Andrew Skipp, Managing Director of Bristol International Airport is clearly wrong to suggest that expanding air travel is good for the economy ('Were ready for take off', Bristol Evening Post, November 9). The Bristol Evening Post's Comment of 9 November about 'the undoubted economic benefits a bigger airport will bring to the region' is also wrong. Figures on the economics of air travel clearly show that expansion is unfavourable.
The economic costs of aircraft noise in the UK are estimated at £313 million a year. The health costs of the UK aviation sector's air pollution amount to some £1.3 billion a year. Aviation is also the fastest-growing source of greenhouse gas emissions, and it's now acknowledged by the Stern Report that climate change is the gravest threat to global prosperity.

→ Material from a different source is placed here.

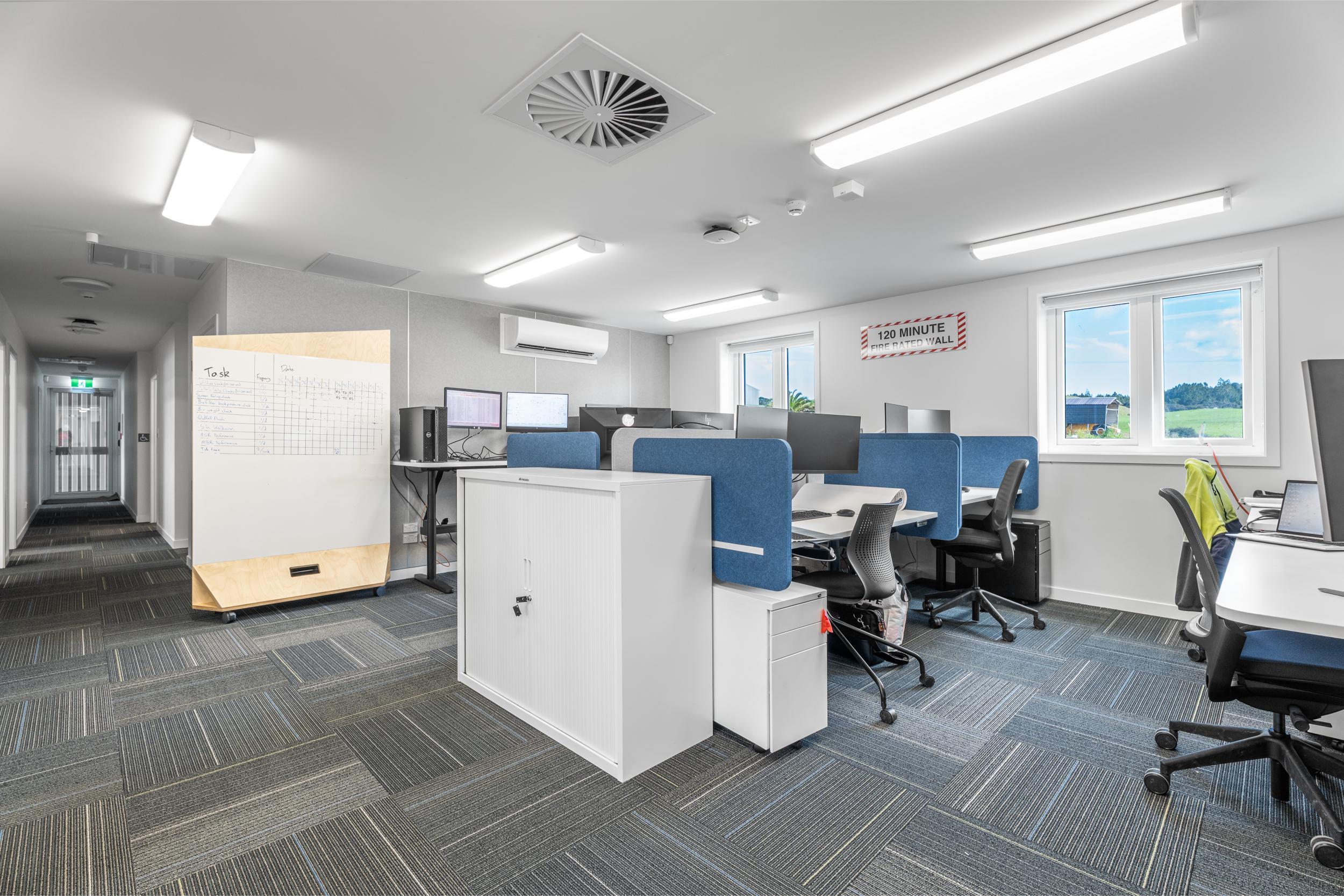 A 200m² modular industrial facility was delivered for Watercare Services Limited at the Snells Beach Wastewater Treatment Plant. Constructed off-site to minimise disruption and improve efficiency, the building includes offices, meeting rooms, a cafeteria, control room, laboratory, and bathrooms. Finished to a high standard, it provides a modern and functional space to support daily operations.

The costs of UK aviation's contribution to climate change have been estimated at well over £2 billion. And unless the government radically changes its policy on the matter, aviation's CO2 emissions will have increased by 588% between 1992 and 2050. By 2050, aviation could be contributing up to 15% of the overall global warming effect produced by human activities - with staggering economic costs. The damage from climate change is rising at a faster rate than economic growth.

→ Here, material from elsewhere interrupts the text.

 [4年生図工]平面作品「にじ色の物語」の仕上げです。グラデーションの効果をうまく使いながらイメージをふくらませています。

The overall hidden economic costs of the European Union's aviation sector have been estimated at £14.3 billion a year - of which the UK alone accounts for £3.782 billion, or 26%. This doesn't include the costs of aviation accidents and accident services.
One of the major justifications for airport expansion is that aviation boosts our economy through tourism. Yet we know that air passenger transport currently represents a drain on the UK balance of payments of £3.5 billion a year - not including the costs of importing fuel and aircraft. With 80% of the forecast growth being accounted for by leisure flights, we can only expect this to get worse.

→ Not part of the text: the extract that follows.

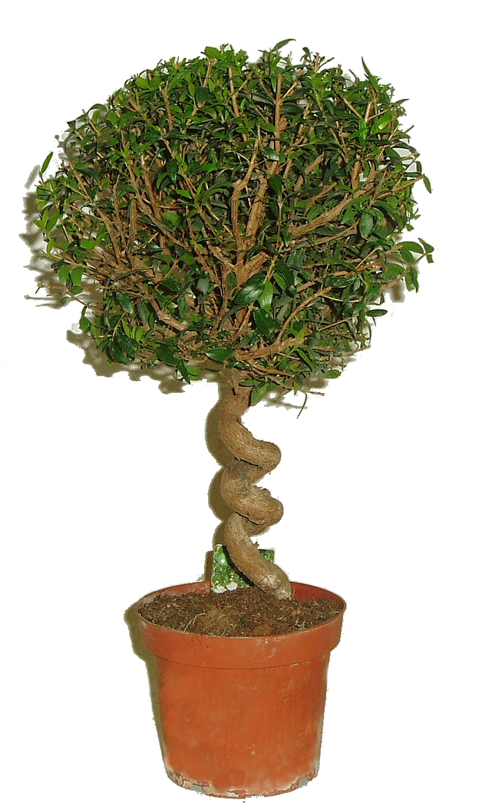 Myrta obecná o výšce cca 45 cm včetně květináče, průměr květináče 12 cm. Nádherná košatá rostlina na kmínku. Velmi reprezentativní, vhodná na svatby nebo ke klasickému pěstování.

Airline tickets, aircraft and aviation fuel are, despite all the words of concern about climate change, still zero-rated for VAT. This costs HM Treasury £1.8 billion a year in lost VAT alone, and in fact aviation fuel pays no tax at all. If aviation fuel were taxed at the same rate as unleaded petrol (and why shouldn't it be? - it's more of a luxury), this would raise some £5 billion a year. Effectively, Britain is subsidising its aviation industry through a colossal tax-break of £6.8 billion a year, as well as through £3.8 billion in external costs.
The effect of these tax-breaks and external costs is the equivalent of every man, woman and child in the UK donating an average of more than £180 a year to the aviation industry - not including accident costs, direct and indirect subsidies to supporting industries including the oil industry and the aircraft manufacturing industry (like the £500 million donated very kindly by the taxpayer to BAe to help pay for its new Airbus), or the costs of providing airports with ground transport infrastructure at public expense.
Any serious economist not in the pay of the aviation industry would surely tell you that consumers make choices according to what seems good value for money. Undoubtedly air travel seems like good value for money. But it only seems so because it gets away with externalising vast hidden costs, and because it receives tax-breaks beyond the wildest dreams of most sectors of the economy. This is the biggest duplicity of all in UK aviation policy: it convinces people that air travel is cheap, while in fact they're paying through the nose for it. Or, to be more explicit, people who don't fly (three out of every five Britons last year) are subsidising people who do, and people who fly occasionally are subsidising people who fly a lot.
We must stop building more airport capacity in the mistaken belief that this is an unequivocal good for the economy. Because there's £10.6 billion a year in hidden subsidies, and billions more in balance-of-payments deficit, that says it isn't.